Dr. Weldy moved his practice to a new facility last January, more than doubling its square footage.  Five doctors work in the facility, two of them part time.

“Tuesdays we do the Santa Ana Zoo all day and Thursdays we spend most of the day at the Orange County Zoo, then finish up in Santa Ana,” Dr. Weldy said.  “There are always two of us.

“We go to the Exotic Feline Breeding Compound in Rosamond near Palmdale as we’re needed.  Sometimes we stay overnight.  It’s a breeding center for endangered species.  They’re all exotic types: ocelots, leopards, jaguars.”  He is the veterinarian of record there.

Dr. Weldy took over the Bird of Prey Center in 1990.  Now that his new hospital is up and running, his major goal, he said, is to get the center up to par.  “That’s the last major goal of my career,” he said. “It’s a nonprofit organization.  I’m the medical director and director of the operation.  The center focuses on raptor education, rehabilitation and release.

“It’s a dream I’ve been working on since 1998.  We have a chunk of land that has some cages on it and a small building.  We’re slowly building up the cages.  It’s a temporary facility right now but we do educational programs.  The center is tucked in the back area of Rancho Las Lomas in Santiago Canyon.”

The new center is being built off El Toro Road behind O’Neill Park on land generously leased by Orange County Parks, he said.  Eventually, it will be able to provide medical and educational functions and will be the Bird of Prey Center’s permanent home, replacing the Rancho Las Lomas facility.

“We’re trying to get grants and public money.  We’re also wrapping up endowments and trying to raise money to accomplish our goals,” Dr. Weldy said.  The center rehabilitates injured hawks and owls and releases them.

Raptors needing medical care are treated at Serrano Animal and Bird Hospital.  “That’s all free stuff,” Dr. Weldy said. “No one pays for it.  We’ve also treated racoons and bobcats, ring-tailed cats and weasels.

“We don’t do small birds.  We work with wildlife biologists, the U.S. Geological Survey and people in mountain lion groups.  Most of the time when wildlife is brought into the practice it’s by Animal Control, and sometimes by good sam[aritan]s.”

Dr. Weldy loves the desert.  “I still go out and hunt reptiles and stuff like that,” he said, “but now I hunt them for photos.  I’m more of a desert person than anything.”
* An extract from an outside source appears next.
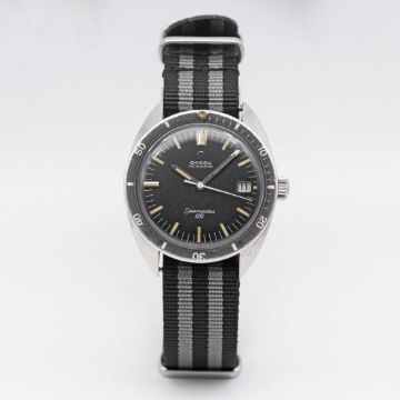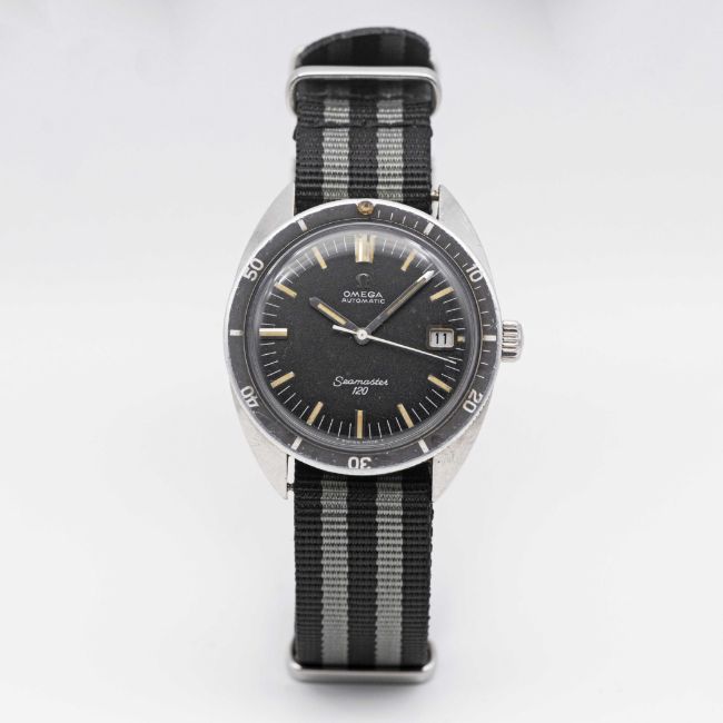 A GENTLEMAN'S STAINLESS STEEL OMEGA SEAMASTER 120 AUTOMATIC DATE WRIST WATCHCIRCA 1968, REF. 166.027 Movement: 24J, automatic, cal. 565, signed Omega Watch Co, numbered 26,xxx,xxx. Case: Width approx. 37mm, screw back, Seamaster emblem on case back, signed Omega Watch Co, 60 minute rotating bezel faded to grey, Omega crown.Strap: NATO.CONDITION REPORTDial: Original dial in very good condition.Movement: Running & functioning at present, timekeeping and accuracy cannot be guaranteed.Case: In good condition, with some light scratches and light wear due to general use.Strap: In excellent condition.
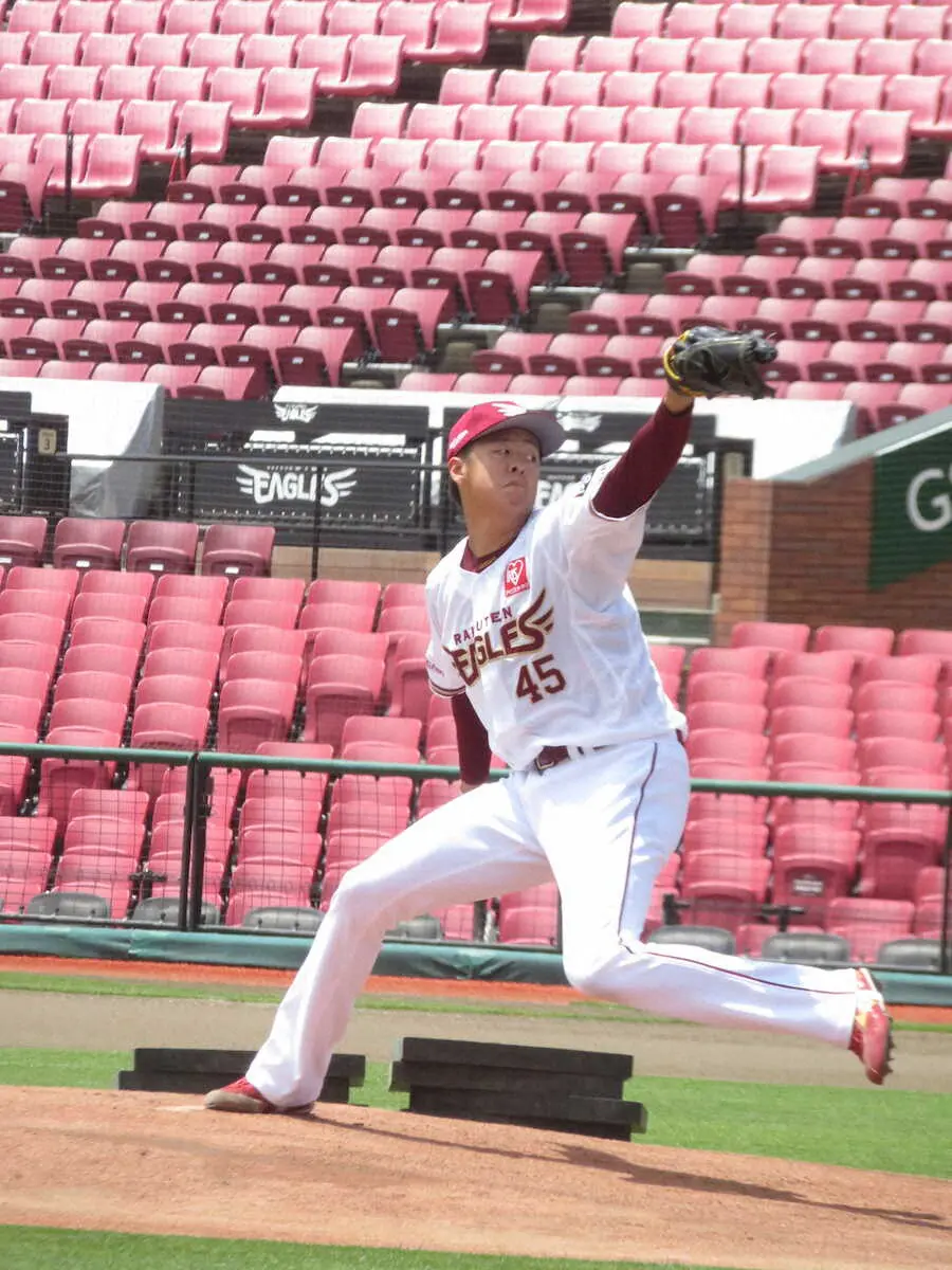 27日の日本ハム戦(楽天モバイル)に先発予定の楽天・松井友飛投手(23)が25日、同球場で行われた先発投手練習に参加した。

Her loves restoring old cars.  He has a 1961 Volvo that is fully restored and a 1969 Camaro that is nearly restored.  He also has a ’67 Camaro in waiting.  The Volvo is a special car.  It has been in his family since it came off the show room floor.  “My grandmother owned it then.  It later became my first car.”
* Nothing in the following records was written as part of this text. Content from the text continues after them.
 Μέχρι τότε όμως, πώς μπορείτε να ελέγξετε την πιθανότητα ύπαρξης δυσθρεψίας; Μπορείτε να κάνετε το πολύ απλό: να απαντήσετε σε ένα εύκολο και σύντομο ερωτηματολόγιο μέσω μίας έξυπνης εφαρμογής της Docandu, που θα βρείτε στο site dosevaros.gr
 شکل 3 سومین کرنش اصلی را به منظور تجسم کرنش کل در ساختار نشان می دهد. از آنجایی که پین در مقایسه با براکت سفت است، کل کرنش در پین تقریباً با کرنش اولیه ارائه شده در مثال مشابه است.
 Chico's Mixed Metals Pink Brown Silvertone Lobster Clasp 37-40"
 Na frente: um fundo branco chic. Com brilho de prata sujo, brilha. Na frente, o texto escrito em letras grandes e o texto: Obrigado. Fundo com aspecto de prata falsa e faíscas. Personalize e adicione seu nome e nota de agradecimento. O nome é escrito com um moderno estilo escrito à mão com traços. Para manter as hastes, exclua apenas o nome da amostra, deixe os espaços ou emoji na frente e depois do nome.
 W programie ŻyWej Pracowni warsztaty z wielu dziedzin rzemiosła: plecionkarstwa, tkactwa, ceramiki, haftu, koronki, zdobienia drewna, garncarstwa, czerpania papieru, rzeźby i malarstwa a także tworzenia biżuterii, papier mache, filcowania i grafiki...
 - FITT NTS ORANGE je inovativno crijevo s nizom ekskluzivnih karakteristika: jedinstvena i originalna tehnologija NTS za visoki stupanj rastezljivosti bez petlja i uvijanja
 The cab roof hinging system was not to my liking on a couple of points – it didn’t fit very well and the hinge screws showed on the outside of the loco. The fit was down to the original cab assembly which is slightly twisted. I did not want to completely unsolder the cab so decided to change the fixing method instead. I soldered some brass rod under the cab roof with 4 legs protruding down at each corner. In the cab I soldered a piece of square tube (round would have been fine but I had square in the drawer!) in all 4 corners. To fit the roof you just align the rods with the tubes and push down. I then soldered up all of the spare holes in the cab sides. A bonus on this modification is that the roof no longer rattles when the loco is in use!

He loves driving “muscle cars” – and his motorcycle, he said.  He is planning a motorcycle trip to “Bike Week” in Daytona, Fla., with friends in March.  “I have relatives and friends all the way across the southern United States so we’ll see part of the U.S. and spend a couple of weeks doing it,” he said.

Dr. Weldy came to Southern California in 1966.  He earned a BS degree in 1979 and a DVM degree in 1985, both from UC Davis.  He returned to Orange County and El Toro Animal Hospital, where he had worked as a teenager, after he became a doctor. He worked there 10 years before starting his practice in 1996.
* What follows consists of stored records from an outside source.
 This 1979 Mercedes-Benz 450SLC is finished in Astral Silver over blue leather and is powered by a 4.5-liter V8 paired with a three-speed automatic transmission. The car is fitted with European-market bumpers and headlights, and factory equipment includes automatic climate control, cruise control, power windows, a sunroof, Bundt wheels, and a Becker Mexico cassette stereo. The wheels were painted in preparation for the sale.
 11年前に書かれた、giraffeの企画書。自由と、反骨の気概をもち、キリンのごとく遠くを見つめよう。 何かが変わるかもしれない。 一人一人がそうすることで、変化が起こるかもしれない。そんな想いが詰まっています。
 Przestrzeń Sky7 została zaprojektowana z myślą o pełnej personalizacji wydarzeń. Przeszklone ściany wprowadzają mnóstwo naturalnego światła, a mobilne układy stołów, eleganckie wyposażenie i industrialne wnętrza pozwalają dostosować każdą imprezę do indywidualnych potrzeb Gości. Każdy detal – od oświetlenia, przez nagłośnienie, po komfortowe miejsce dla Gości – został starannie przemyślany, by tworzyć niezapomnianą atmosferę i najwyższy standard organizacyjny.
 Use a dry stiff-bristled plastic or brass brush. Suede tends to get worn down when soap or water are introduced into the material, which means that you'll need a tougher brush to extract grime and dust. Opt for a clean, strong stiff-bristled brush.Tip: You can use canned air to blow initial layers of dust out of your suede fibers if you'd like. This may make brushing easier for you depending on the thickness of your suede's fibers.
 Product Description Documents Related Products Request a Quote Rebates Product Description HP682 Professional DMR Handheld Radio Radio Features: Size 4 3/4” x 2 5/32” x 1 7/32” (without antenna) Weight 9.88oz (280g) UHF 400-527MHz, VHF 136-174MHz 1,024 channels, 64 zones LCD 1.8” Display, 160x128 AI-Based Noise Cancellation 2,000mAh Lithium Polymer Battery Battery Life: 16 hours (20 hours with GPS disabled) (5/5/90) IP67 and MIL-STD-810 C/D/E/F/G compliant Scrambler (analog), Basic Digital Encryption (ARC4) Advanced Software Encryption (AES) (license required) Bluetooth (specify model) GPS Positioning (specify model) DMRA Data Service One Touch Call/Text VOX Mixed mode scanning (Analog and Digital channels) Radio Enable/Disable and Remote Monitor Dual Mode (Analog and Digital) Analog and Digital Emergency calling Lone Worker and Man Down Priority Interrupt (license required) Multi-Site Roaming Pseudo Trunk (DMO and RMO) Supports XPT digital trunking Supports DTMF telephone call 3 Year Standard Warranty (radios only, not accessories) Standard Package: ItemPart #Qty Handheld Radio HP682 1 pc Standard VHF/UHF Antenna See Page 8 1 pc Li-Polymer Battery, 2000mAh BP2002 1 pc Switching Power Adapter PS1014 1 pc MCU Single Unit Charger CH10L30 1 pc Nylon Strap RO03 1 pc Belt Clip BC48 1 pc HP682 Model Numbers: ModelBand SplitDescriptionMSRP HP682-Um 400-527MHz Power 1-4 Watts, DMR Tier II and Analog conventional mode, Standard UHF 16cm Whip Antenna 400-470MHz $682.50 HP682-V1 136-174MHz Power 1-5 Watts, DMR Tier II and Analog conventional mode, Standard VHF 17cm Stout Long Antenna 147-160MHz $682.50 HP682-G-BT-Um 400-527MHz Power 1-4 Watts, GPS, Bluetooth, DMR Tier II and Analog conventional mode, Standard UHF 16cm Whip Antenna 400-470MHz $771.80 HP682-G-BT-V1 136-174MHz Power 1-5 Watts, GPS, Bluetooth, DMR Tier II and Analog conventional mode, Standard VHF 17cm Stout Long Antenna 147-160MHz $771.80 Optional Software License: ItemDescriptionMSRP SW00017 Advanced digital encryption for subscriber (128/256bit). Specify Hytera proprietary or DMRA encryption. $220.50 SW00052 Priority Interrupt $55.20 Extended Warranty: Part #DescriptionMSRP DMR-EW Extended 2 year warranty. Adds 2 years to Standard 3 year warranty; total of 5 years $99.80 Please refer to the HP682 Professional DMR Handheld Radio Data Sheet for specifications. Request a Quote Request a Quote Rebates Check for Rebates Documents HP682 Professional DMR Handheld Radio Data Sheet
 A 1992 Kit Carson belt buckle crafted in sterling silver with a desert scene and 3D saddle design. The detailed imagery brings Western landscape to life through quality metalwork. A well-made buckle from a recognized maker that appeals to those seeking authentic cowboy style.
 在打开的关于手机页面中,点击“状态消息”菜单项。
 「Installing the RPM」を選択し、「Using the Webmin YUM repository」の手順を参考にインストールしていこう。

The year 2019 has not been a good one for Dr. Weldy.  Wife Marie died of cancer last May – eight days after his mother died.   He has a daughter, Jennifer, 34, who is a registered veterinary technician.  She is teaching at Orange County Veterinary Assistant School in Garden Grove, where she had studied.  His son, Robert, 30, does research work in human neurology.

Besides cars and motorcycles, Dr. Weldy loves travel and scuba diving.  “Almost everything I do is related to animals,” he said.  “There has got to be an animal in it somewhere.”

The Animal Health Foundation’s Cortese – Lippincott Award was created to recognize and honor an individual who has gone above and beyond in making the world a better place for both animals and humans.  The winner of this award has gone above and beyond in community service, service and education of the veterinary community and the human-animal bond.

The award was named in honor of veterinarians Larry Lippincott and Joe Cortese.